"The grey cock crew, the red cock crew
But never came the day,"
and their imaginations people the corners and shadows with shapes of terror. The marionette dance of death of these ghostly visitants is as fine a bit of word-painting as can be found any where. The idea is an amplification of the motif of "The Harlot's House," but how immeasurably superior, how much more artistically effective the most cursory comparison of the two poems will make apparent.
At last the first faint streaks of day steal through the prison bars and the daily task of cleaning the cells is performed as usual, but the Angel of Death passes through the prison, and with parched throats the prisoners, who were kept in their cells while the grim tragedy was being enacted, wait for the stroke of eight, the hour fixed for the carrying out of the sentence. As the first chimes of the prison clock are heard a moan arises from those imprisoned wretches. At noon they are marched out into the yard, and each man's eye is turned wistfully to the sky, just as the condemned man's had been. They notice that the warders are wearing their best uniforms, but the task they have just been engaged upon is revealed "by the quicklime on their boots." The murderer has expiated his crime,
"And the crimson stain that was of Cain
Became Christ's snow-white seal."
In his dishonoured grave he lies in a winding-sheet of quicklime; no rose or flower shall bloom above it, no tear shall water it, no prayer or benison be uttered over it.
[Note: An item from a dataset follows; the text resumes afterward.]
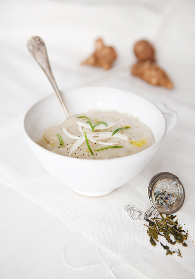 Start by peeling the sunroots (or bribe someone to peal them for you). As soon as they are peeled, put them in a large bowl with cold water (and a squeeze of lemon in it), this prevents them to turn dark. Pick up the peeled sunroots from the water and chop them into 1-inch pieces. Put a big pot on medium heat on the stove. Saute the leek, garlic and the sunroots for a couple of minutes. Add the lemon juice, the chopped rosemary, salt and pepper and about two thirds of the green tea. As soon as it starts boiling, turn down the heat to low, and let it simmer for about 30 minutes. Take the soup off the stove and blend it. If the soup feels too thick, add the rest of the green tea and let it simmer for two minutes more. Taste it, add more spices and lemon juice if needed. Serve with a dash of olive oil, fresh rosemary and some thin slices of fennel. Enjoy!

"In Reading Gaol by Reading Town," with a repetition of the stanza embodying the theme that "all men kill the thing they love," the poem ends.
Truly a wonderful poem this. We close the covers of the book slowly, almost reverently, our minds all saddened and attuned to a low note by this gloomy picture of agony, torture and horror. We feel as if we had been assisting at a funeral, and with hushed voices slowly make our way back to the world of life and bustle.
Wilde's place in poetry has yet to be settled, we have not yet had time to focus his work into perspective. That he will rank amongst the very greatest creative geniuses of the world, the men whose songs sway nations, is doubtful, though time alone can tell us.
The least that can be said is that there is a distinction about Wilde's poetry that will always stamp it as the work of a great artist, and as such it commands a high place amongst the best literary work that this country has produced.